I'm slogging to the end of Kevin Phillips' American Theocracy and may yet provide a brilliant summation. But meanwhile, here's some of the good stuff:
The Bush administration energy legislation enacted in 2005 left the global energy markets sufficiently unimpressed that oil prices made new highs. Skeptics observed that the most important sections of the bill were those deleted at various stages, meaningful provisions requiring the government to find ways of reducing U.S. oil demand, automakers to improve efficiency, and utilities to generate 10 percent of electricity from renewable energy sources. Powerful constituencies found such strictures unacceptable, although the federal government had raised the standards of energy efficiency for refrigerators, for example, six times since the 1970s with enough success that comparable new units use only one-fourth as much electricity. Any remotely similar gain in automobile and truck efficiency would go a long way to ease oil-import demands.

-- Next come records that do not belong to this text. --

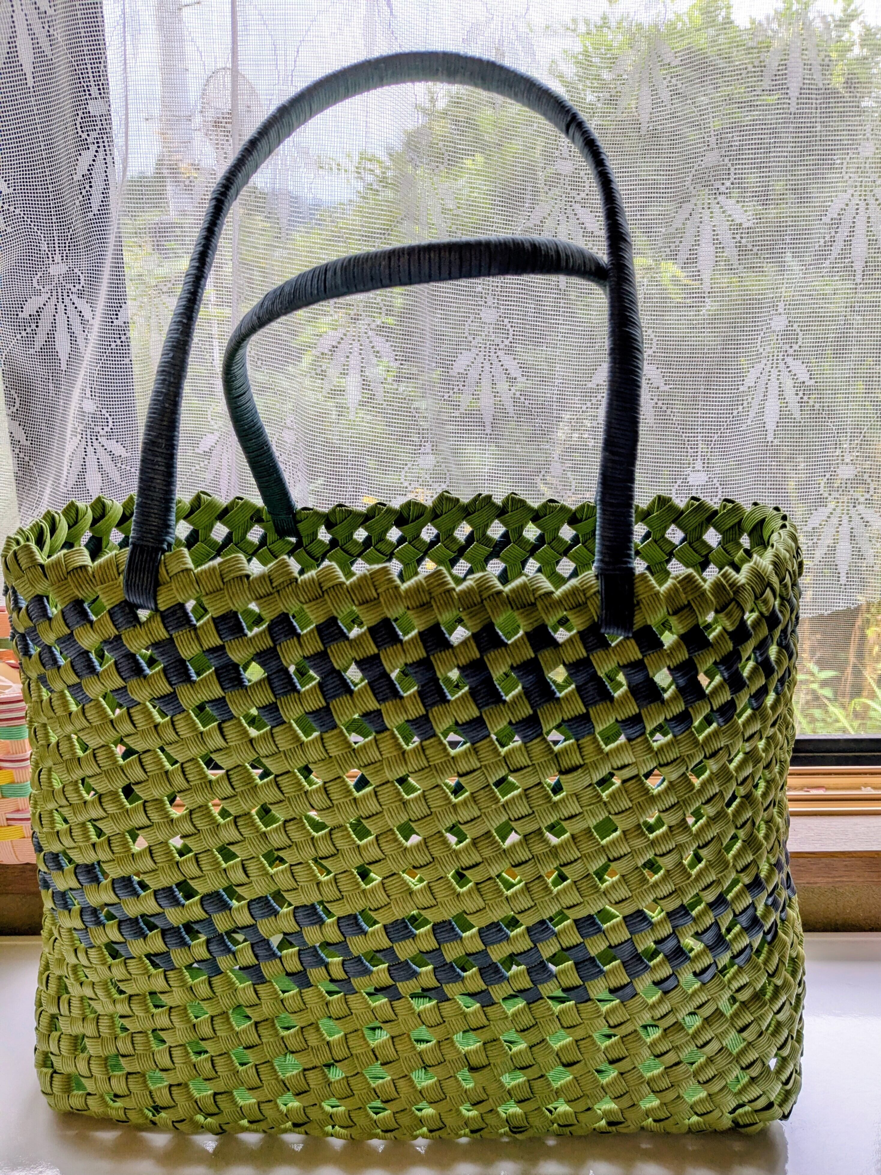 四つだたみ編みの技法を使ったこのカラフルバッグは、個性あふれるデザインで、どんなシーンにもマッチします! バンブーの取っ手を付けました。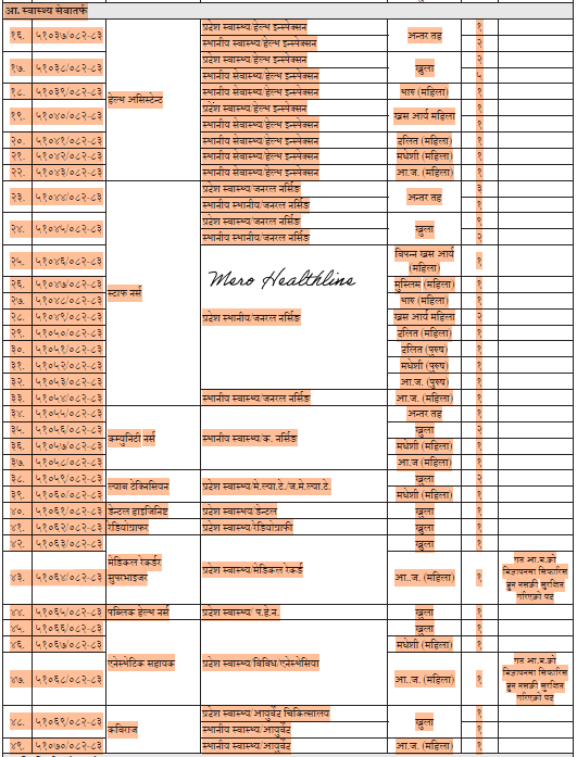 स्वास्थ्य सेवा तर्फ पदअनुसार रिक्त संख्या निम्नानुसार रहेको छः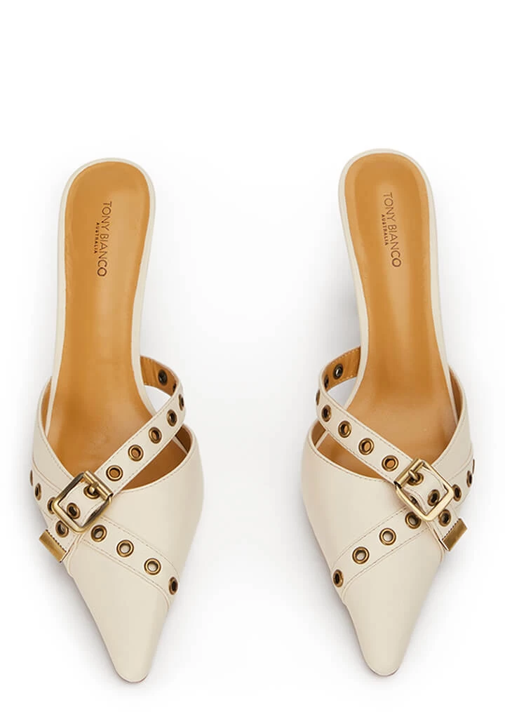 Introducing our stylish go-to pointed pump, Savoir. Featuring buckle embellishing and a sleek classic silhouette, this heel is perfect for day to night wear, all year round. Designed in our ultra luxe bone venice leather for a timeless finish.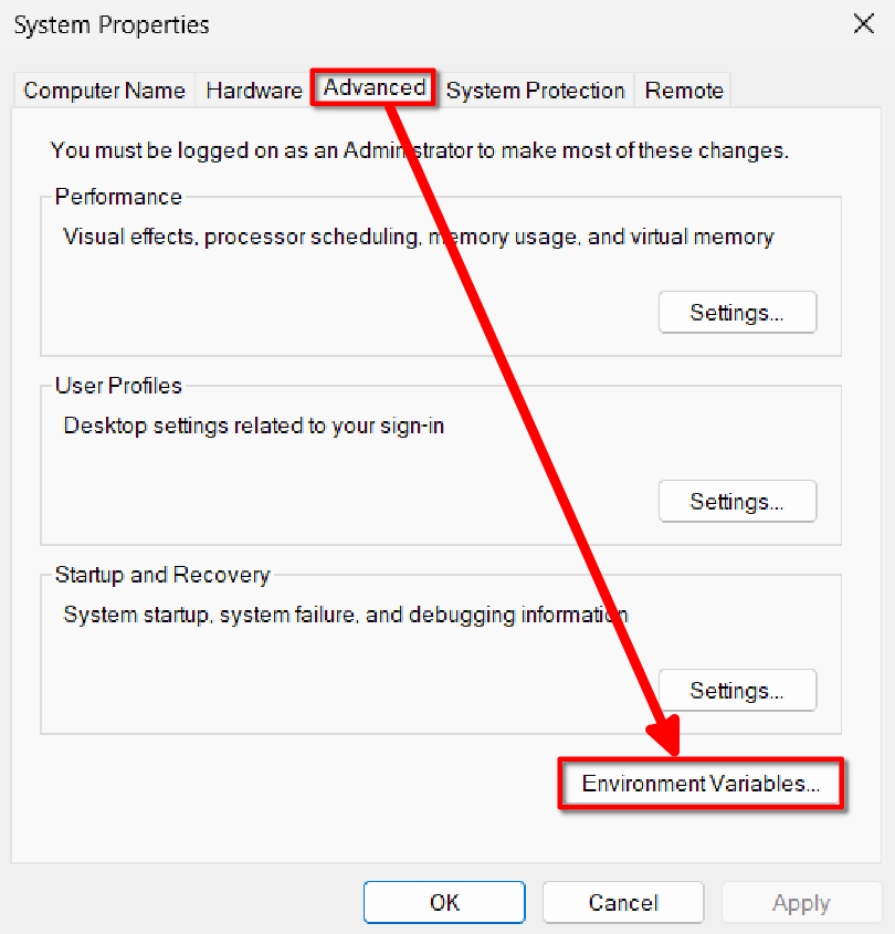 In the new window, make sure you’re in the Advanced tab, select Environment Variables

Amen. In my hometown house, a generously sized new fridge runs on "vacation mode" consuming no more electricity than a 75-watt bulb. In my sister's garage sits a beloved family milk dispenser that the dairy once installed in our house, so it could deliver milk in three-gallon cans, two at a time, as if to a restaurant.
Over the years, it evolved into a beer cooler. It still works, but now sits idle because it consumes so much energy and throws off so much heat. It's instructive to see it beside my brother-in-law's restored '68 Mustang, which stinks when it idles but otherwise gets gas mileage about equal to a new Denali's.
Meanwhile, Congressional Republicans fantasize about sending out $100 gas tax rebates or releasing some of the strategic oil reserve to mollify people who've made bad choices — instead of kicking some automaker butt.